**DIRECTIONS**
Copy exactly the lines of the records below, and only those lines, beginning with the line that contains "単元は「くらしの中の和と洋に" and ending with the line that contains "ਲੁਧਿਆਣਾ ਦੇ ਪੁਨੀਤ".

━━ WORKING DATA

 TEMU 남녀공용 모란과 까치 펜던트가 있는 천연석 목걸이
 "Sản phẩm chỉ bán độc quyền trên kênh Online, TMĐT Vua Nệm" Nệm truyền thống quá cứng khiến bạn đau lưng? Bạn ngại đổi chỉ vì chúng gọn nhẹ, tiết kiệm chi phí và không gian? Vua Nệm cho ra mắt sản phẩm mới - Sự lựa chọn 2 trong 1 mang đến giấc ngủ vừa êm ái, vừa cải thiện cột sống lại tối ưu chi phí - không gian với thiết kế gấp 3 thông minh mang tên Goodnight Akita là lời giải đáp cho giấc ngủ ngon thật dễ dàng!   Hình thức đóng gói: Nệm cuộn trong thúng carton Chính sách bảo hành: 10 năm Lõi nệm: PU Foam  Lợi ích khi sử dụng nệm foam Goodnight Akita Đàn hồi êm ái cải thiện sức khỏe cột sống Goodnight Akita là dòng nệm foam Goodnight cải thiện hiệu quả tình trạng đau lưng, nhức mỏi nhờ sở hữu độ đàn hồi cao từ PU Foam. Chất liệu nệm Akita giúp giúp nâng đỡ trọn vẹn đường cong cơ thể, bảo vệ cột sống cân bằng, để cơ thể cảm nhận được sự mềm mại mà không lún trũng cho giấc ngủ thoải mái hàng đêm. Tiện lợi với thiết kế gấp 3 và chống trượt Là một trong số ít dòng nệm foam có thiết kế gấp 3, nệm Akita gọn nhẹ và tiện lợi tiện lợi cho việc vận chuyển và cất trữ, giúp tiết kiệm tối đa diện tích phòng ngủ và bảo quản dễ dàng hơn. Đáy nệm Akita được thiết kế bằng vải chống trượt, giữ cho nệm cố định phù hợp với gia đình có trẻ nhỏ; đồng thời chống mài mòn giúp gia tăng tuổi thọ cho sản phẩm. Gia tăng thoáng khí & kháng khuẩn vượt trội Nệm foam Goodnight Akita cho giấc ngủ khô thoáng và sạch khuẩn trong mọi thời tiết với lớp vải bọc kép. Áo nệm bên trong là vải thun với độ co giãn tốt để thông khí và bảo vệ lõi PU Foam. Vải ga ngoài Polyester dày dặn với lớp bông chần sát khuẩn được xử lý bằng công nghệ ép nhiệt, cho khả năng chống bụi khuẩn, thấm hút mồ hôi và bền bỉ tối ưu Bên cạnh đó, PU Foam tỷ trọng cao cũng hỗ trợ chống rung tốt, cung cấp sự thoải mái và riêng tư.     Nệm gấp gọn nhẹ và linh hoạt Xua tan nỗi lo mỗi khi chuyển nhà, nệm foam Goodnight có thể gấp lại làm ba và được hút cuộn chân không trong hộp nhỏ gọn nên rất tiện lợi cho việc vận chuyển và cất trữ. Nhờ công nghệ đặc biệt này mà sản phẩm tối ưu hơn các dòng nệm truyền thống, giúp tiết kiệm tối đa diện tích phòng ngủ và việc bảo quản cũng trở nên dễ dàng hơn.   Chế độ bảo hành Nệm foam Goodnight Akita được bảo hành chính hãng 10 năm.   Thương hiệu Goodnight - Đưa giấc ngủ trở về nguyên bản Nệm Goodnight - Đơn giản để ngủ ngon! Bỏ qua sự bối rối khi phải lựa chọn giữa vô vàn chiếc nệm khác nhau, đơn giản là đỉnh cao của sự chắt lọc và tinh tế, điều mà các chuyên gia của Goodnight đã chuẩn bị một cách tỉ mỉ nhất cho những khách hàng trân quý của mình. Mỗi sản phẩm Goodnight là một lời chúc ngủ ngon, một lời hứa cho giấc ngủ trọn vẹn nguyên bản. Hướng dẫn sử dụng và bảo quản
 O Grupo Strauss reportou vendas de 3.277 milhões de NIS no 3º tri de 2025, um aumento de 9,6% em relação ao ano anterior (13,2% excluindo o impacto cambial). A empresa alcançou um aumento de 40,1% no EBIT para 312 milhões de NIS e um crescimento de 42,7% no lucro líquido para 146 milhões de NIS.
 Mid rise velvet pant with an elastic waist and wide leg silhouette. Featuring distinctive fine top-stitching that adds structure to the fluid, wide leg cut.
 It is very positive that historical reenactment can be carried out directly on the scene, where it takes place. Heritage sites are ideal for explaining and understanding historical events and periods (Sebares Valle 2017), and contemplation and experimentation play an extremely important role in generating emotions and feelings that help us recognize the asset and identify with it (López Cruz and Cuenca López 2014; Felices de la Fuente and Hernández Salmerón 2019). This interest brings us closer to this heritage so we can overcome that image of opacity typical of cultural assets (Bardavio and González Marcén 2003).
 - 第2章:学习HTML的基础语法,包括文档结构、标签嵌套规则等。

━━━━
━━ WORKING DATA

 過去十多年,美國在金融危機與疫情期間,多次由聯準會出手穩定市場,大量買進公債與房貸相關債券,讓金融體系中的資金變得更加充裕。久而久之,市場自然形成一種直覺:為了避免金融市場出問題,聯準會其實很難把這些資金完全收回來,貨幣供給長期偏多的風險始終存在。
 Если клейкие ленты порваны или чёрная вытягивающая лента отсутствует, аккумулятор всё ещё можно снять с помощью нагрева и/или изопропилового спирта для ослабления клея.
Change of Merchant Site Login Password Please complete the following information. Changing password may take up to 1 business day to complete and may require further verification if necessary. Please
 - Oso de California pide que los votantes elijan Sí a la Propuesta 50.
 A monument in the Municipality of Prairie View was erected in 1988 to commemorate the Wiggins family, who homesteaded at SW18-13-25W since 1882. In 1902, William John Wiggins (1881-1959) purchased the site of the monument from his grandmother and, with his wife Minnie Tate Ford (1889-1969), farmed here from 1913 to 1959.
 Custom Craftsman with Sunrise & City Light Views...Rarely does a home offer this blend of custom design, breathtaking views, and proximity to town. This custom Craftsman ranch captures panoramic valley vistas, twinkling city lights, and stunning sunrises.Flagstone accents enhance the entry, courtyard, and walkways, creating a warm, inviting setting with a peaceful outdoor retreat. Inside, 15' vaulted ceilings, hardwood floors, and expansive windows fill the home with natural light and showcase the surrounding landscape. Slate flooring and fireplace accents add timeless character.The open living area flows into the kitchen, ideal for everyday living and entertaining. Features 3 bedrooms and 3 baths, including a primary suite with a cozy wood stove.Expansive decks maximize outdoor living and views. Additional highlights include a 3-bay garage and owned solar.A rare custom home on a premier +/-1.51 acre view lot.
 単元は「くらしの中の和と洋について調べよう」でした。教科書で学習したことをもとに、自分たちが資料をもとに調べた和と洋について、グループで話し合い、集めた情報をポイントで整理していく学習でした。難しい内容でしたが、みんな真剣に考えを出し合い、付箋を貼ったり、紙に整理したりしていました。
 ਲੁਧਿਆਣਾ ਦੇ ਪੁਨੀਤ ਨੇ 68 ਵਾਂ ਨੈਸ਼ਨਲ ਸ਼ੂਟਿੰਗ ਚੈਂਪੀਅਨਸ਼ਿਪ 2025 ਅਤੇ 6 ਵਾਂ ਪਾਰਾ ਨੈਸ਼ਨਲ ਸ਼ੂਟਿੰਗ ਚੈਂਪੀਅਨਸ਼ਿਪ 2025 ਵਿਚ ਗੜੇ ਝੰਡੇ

━━━━

**RESULT OF THE EXERCISE**
 単元は「くらしの中の和と洋について調べよう」でした。教科書で学習したことをもとに、自分たちが資料をもとに調べた和と洋について、グループで話し合い、集めた情報をポイントで整理していく学習でした。難しい内容でしたが、みんな真剣に考えを出し合い、付箋を貼ったり、紙に整理したりしていました。
 ਲੁਧਿਆਣਾ ਦੇ ਪੁਨੀਤ ਨੇ 68 ਵਾਂ ਨੈਸ਼ਨਲ ਸ਼ੂਟਿੰਗ ਚੈਂਪੀਅਨਸ਼ਿਪ 2025 ਅਤੇ 6 ਵਾਂ ਪਾਰਾ ਨੈਸ਼ਨਲ ਸ਼ੂਟਿੰਗ ਚੈਂਪੀਅਨਸ਼ਿਪ 2025 ਵਿਚ ਗੜੇ ਝੰਡੇ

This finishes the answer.